Em um período de quatro dias, o Senado Federal e a Câmara dos Deputados podem votar duas propostas que para muitos expressam o que têm sido as políticas oficiais para o período da pandemia no Brasil: numa delas, a autorização para o Banco Central injetar R$ 1 trilhão ou bem mais em recursos públicos no mercado financeiro, sem garantias de retorno; na outra, o congelamento por 18 meses de salários, progressões e promoções dos servidores públicos federais, estaduais e municipais – o que caracteriza na prática uma redução salarial pré-determinada, já que derrubará o valor real dos salários. Entidades sindicais promovem campanha, por meio do envio de mensagens, que tenta pressionar os parlamentares para que rejeitem o congelamento.
Está em pauta da Câmara dos Deputados a votação da PEC 10/2020, chamada de ‘Orçamento de Guerra’. A proposta de emenda constitucional cria um orçamento paralelo para o período emergencial da pandemia, no qual o governo terá muito mais liberdade para gastar. O problema maior é que há um item que autoriza o Banco Central a atuar no denominado mercado secundário, comprando títulos de bancos, em boa parte com poucas garantias de retorno – popularmente conhecidos como títulos podres. Hoje o BC é proibido de fazer tais operações, dado ao grau de insegurança e pouca transparência delas.
Estimativas do próprio Banco Central, segundo a organização Auditoria Cidadã da Dívida, apontam que existem cerca de R$ 1 trilhão em títulos podres nas mãos dos bancos. A PEC não fixa limites para a atuação do banco público. A matéria já havia sido aprovada na Câmara, mas recebeu alterações no Senado e retornou para nova apreciação dos deputados. Isso está pautado para ocorrer, em primeiro turno, nesta quarta-feira, 29 de abril.
Congelamento
Três dias depois, no sábado (2), o presidente do Senado, Davi Alcolumbre (DEM-AP), pretende colocar em votação proposta que congela por 18 meses salários, progressões, promoções e benefícios de todo o funcionalismo público. É o que disse no início da semana, quando anunciou um suposto acordo de lideranças com o governo de Jair Bolsonaro em torno do projeto de socorro financeiro aos estados durante a pandemia, já aprovado na Câmara e aguardando apreciação dos senadores.
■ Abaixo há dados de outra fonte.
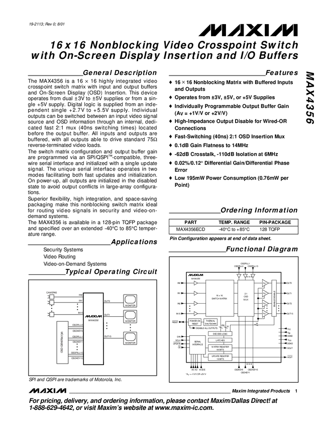 MAX4356 16 x 16 Nonblocking Video Crosspoint Switch with On-Screen Display Insertio...

A proposta, na Câmara, passou sem exigência de contrapartidas aos estados. Nem Bolsonaro nem Paulo Guedes, ministro da Economia, gostaram. Agora, o governo pressiona para que parte da fatura fique nas mãos dos servidores. Há uma preocupação a mais para o funcionalismo: a aprovação da medida pode dar força a outras apresentadas ao Congresso Nacional que preveem a redução nominal dos salários.
Guerra contra os servidores
Em meio a essas articulações, Paulo Guedes está em campanha aberta contra os servidores. Disse a jornalistas que eles não podem ficar em casa parados com a geladeira cheia, enquanto os trabalhadores da iniciativa privada são demitidos ou têm seus salários cortados. Nem uma palavra sobre os trabalhadores obrigados a ceder as estruturas de suas residências para o teletrabalho, como ocorre no Judiciário, cujos profissionais mantêm a Justiça funcionando apesar do isolamento social. Ou sobre os profissionais de saúde – que trabalham e morrem no combate ao coronavírus. Ou ainda em relação aos servidores das universidades públicas, protagonistas em pesquisas relacionadas à pandemia.
Seja como for, as declarações do principal ministro de Bolsonaro não deixam, ainda, de ser contrárias ao isolamento social – já que responsabilizam trabalhadores que se estão em casa é porque atendem às políticas adotadas mundialmente para enfrentar a maior pandemia em 100 anos.
Relatório divulgado pela ONU (Organização das Nações Unidas), respondendo a denúncias de entidades da sociedade civil, classifica as políticas adotadas no Brasil de “irresponsáveis” e que colocam em risco “milhões de vidas”. O documento defende que o país abandone imediatamente as medidas de austeridade. Para muita gente insatisfeita com essa política, o governo deveria se preocupar em assegurar a geladeira cheia de todos os trabalhadores e trabalhadoras, em vez de mover esforços para esvaziar a dos que enfrentam a pandemia com parte dos direitos ainda preservados.